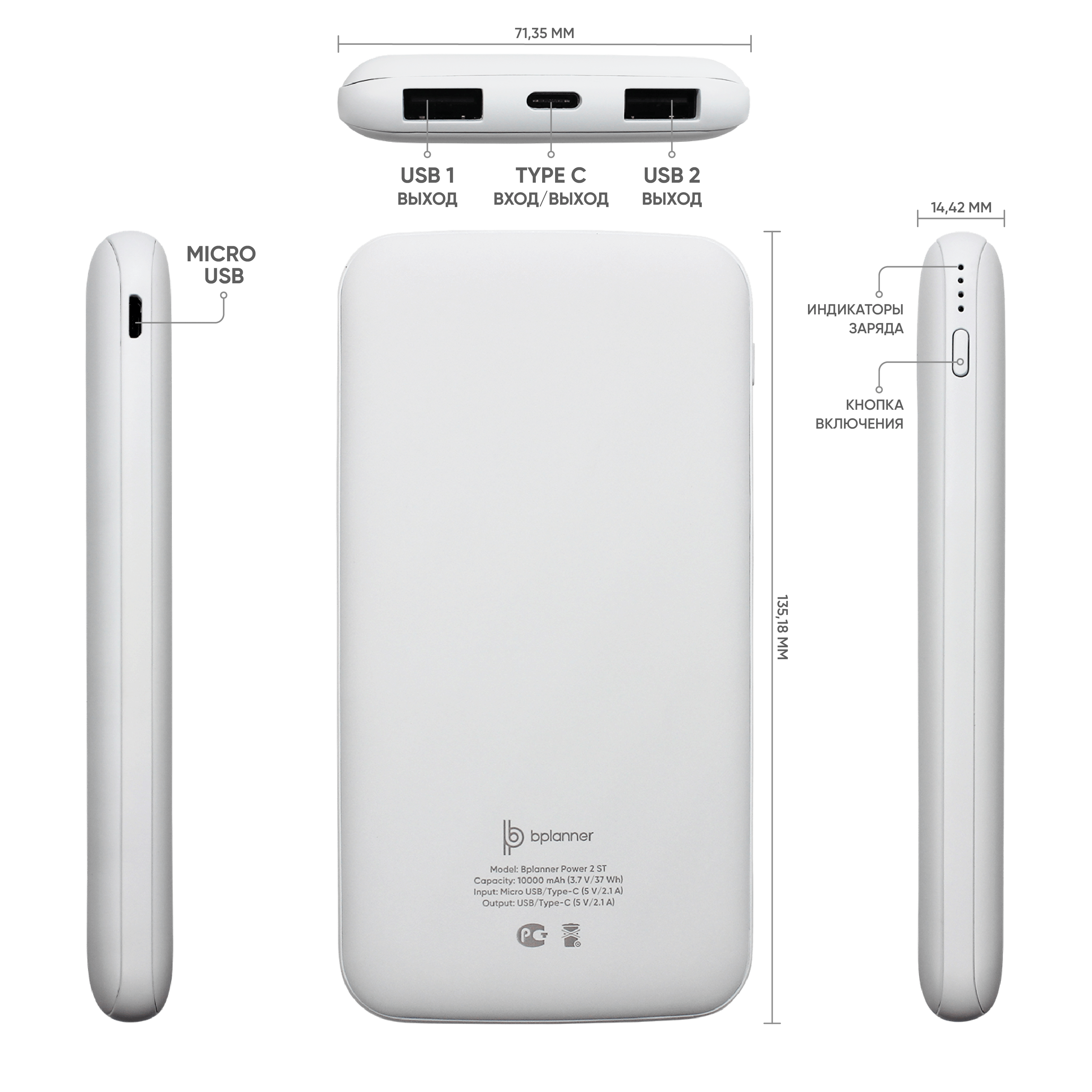Внешний софт-тач аккумулятор Bplanner Power 2ST емкостью 10000 mAh может одновременно заряжать 2 устройства. Дизайн аккумулятора лаконичен. Внешний аккумулятор оснащен индикатором заряда на боковой панели корпуса и входом Type С и Micro-USB. В комплекте идет кабель 3 в 1 и инструкция. Комбинируется с ежедневниками Bplanner 1, Bplanner 2, Bplanner 4 ,а также ручками с софт-тач покрытием.
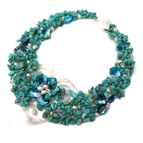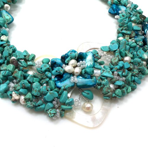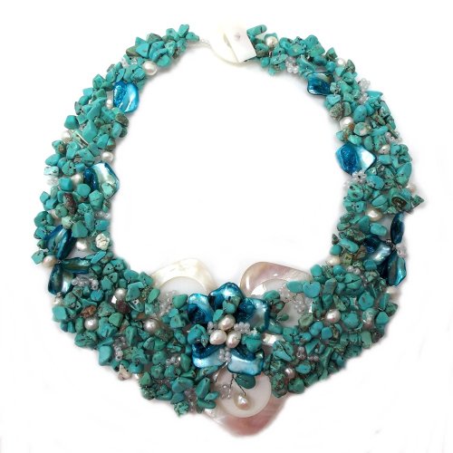 Cascades of simulated turquoise stones evoke feminine elegance. This bib necklace features a floral design made of mother of pearl and cultured freshwater white pearl. PLEASE NOTE: The handcrafted nature of this product will produce minor differences in design, sizing and weight. Variations will occur from piece to piece, measurements may vary slightly.Includes an original AERAVIDA organza jewelry pouch (comes in various colors), also handmade by our Artisans. Perfect for gift giving to someone special or keep for yourself!
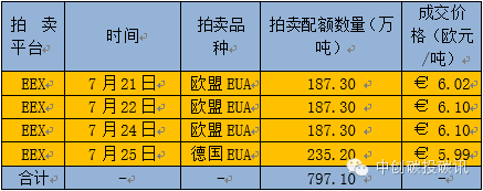 3,歐盟碳交易體系(EU ETS)的第三階段配額拍賣共有兩個拍賣平臺: ICE是英國EUA的拍賣平臺,EEX是德國EUA、波蘭EUA和歐盟EUA(即除以上三國之外的另外28個EU ETS成員國的EUA)的拍賣平臺。
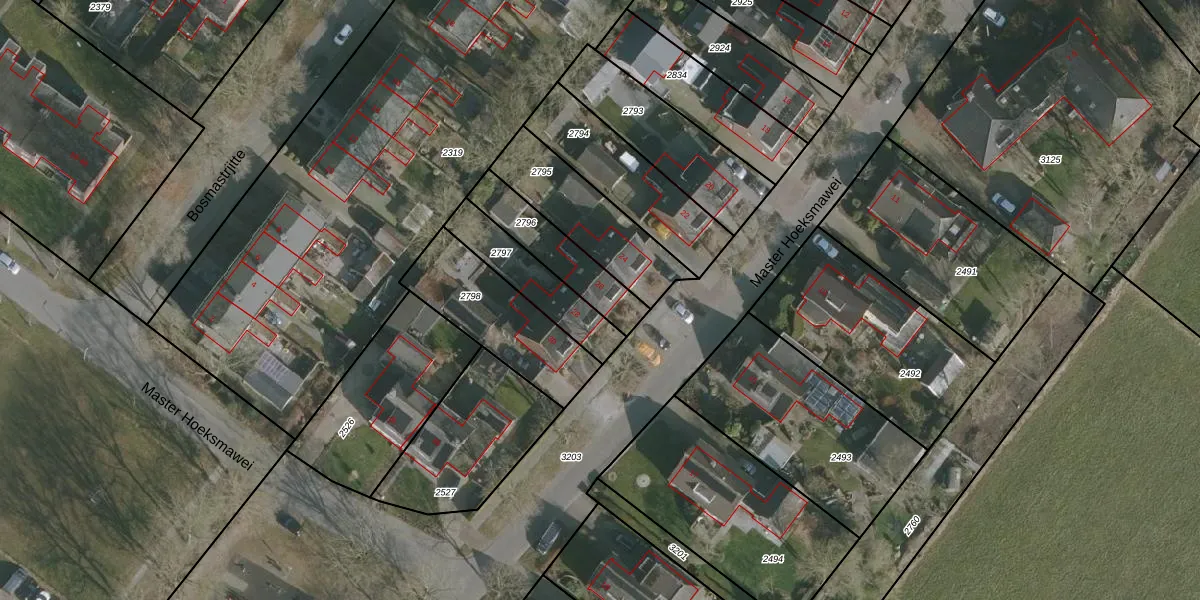 Gebruik de zoekbalk of klik op een perceel voor informatie over de adressen binnen dit perceel.
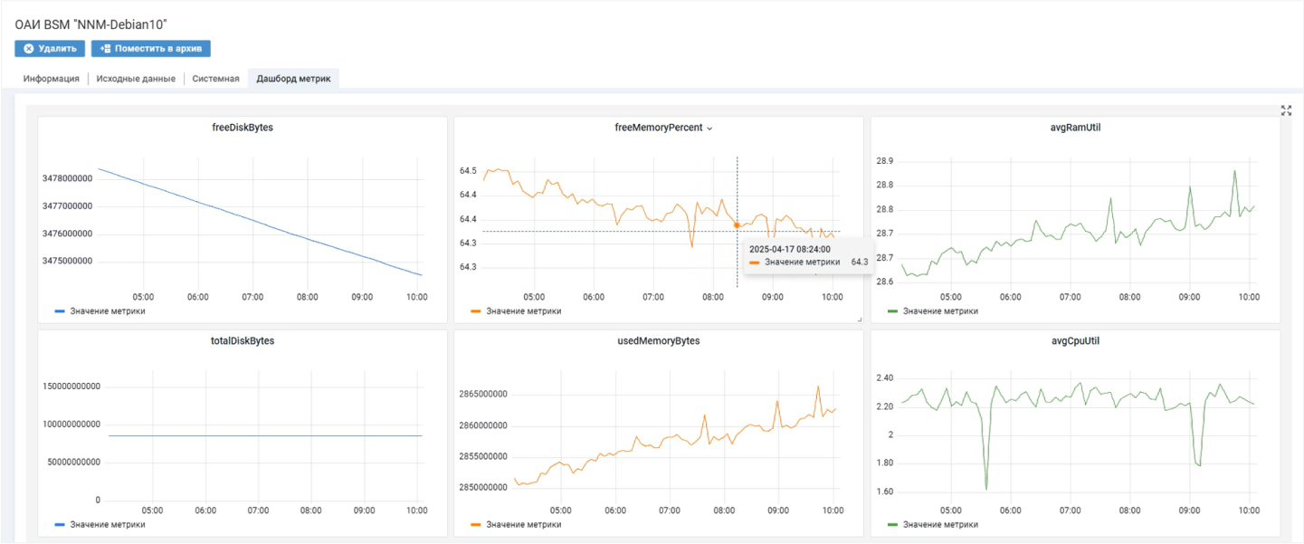 Пассивные метрики — это характеристики, которые зонтичная система агрегирует из внешних источников. Показатели могут поступать, например, из Zabbix, Naumen Network Manager, VMware vCenter.
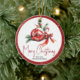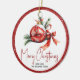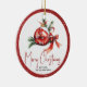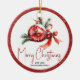 Christmas ball ornament with red bow and fir branches holiday Ceramic Ornament. It features a red Christmas ornament with a red bow and branches of fir. Around it there is a red border with white snowflakes. The back includes a cute family photo with the same border.
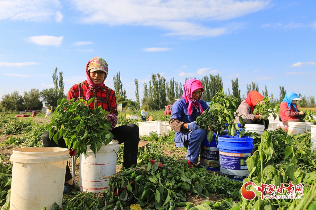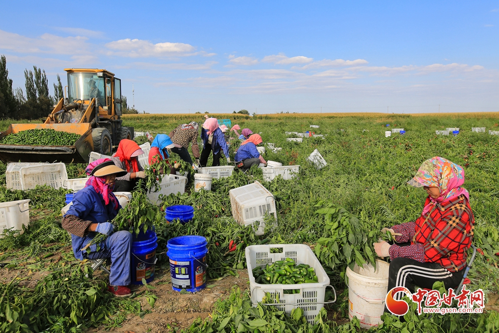 9月1日,嘉峪關(guān)市新城鎮(zhèn)長(zhǎng)城村一農(nóng)民專(zhuān)業(yè)合作社種植的子彈頭辣椒喜獲豐收,種植戶搶抓農(nóng)時(shí)采摘,農(nóng)用機(jī)械車(chē)輛穿梭于田間地頭,鄉(xiāng)村田野呈現(xiàn)出一派繁忙的景象。

################

* [EXERCISE BRIEF]
The whole listing above, line by line, needs to be copied exactly, except for any images.

* [SOLUTION FOR THIS PROBLEM]
Внешний софт-тач аккумулятор Bplanner Power 2ST емкостью 10000 mAh может одновременно заряжать 2 устройства. Дизайн аккумулятора лаконичен. Внешний аккумулятор оснащен индикатором заряда на боковой панели корпуса и входом Type С и Micro-USB. В комплекте идет кабель 3 в 1 и инструкция. Комбинируется с ежедневниками Bplanner 1, Bplanner 2, Bplanner 4 ,а также ручками с софт-тач покрытием.
 Cascades of simulated turquoise stones evoke feminine elegance. This bib necklace features a floral design made of mother of pearl and cultured freshwater white pearl. PLEASE NOTE: The handcrafted nature of this product will produce minor differences in design, sizing and weight. Variations will occur from piece to piece, measurements may vary slightly.Includes an original AERAVIDA organza jewelry pouch (comes in various colors), also handmade by our Artisans. Perfect for gift giving to someone special or keep for yourself!
 3,歐盟碳交易體系(EU ETS)的第三階段配額拍賣共有兩個拍賣平臺: ICE是英國EUA的拍賣平臺,EEX是德國EUA、波蘭EUA和歐盟EUA(即除以上三國之外的另外28個EU ETS成員國的EUA)的拍賣平臺。
 Gebruik de zoekbalk of klik op een perceel voor informatie over de adressen binnen dit perceel.
 Пассивные метрики — это характеристики, которые зонтичная система агрегирует из внешних источников. Показатели могут поступать, например, из Zabbix, Naumen Network Manager, VMware vCenter.
 Christmas ball ornament with red bow and fir branches holiday Ceramic Ornament. It features a red Christmas ornament with a red bow and branches of fir. Around it there is a red border with white snowflakes. The back includes a cute family photo with the same border.
 9月1日,嘉峪關(guān)市新城鎮(zhèn)長(zhǎng)城村一農(nóng)民專(zhuān)業(yè)合作社種植的子彈頭辣椒喜獲豐收,種植戶搶抓農(nóng)時(shí)采摘,農(nóng)用機(jī)械車(chē)輛穿梭于田間地頭,鄉(xiāng)村田野呈現(xiàn)出一派繁忙的景象。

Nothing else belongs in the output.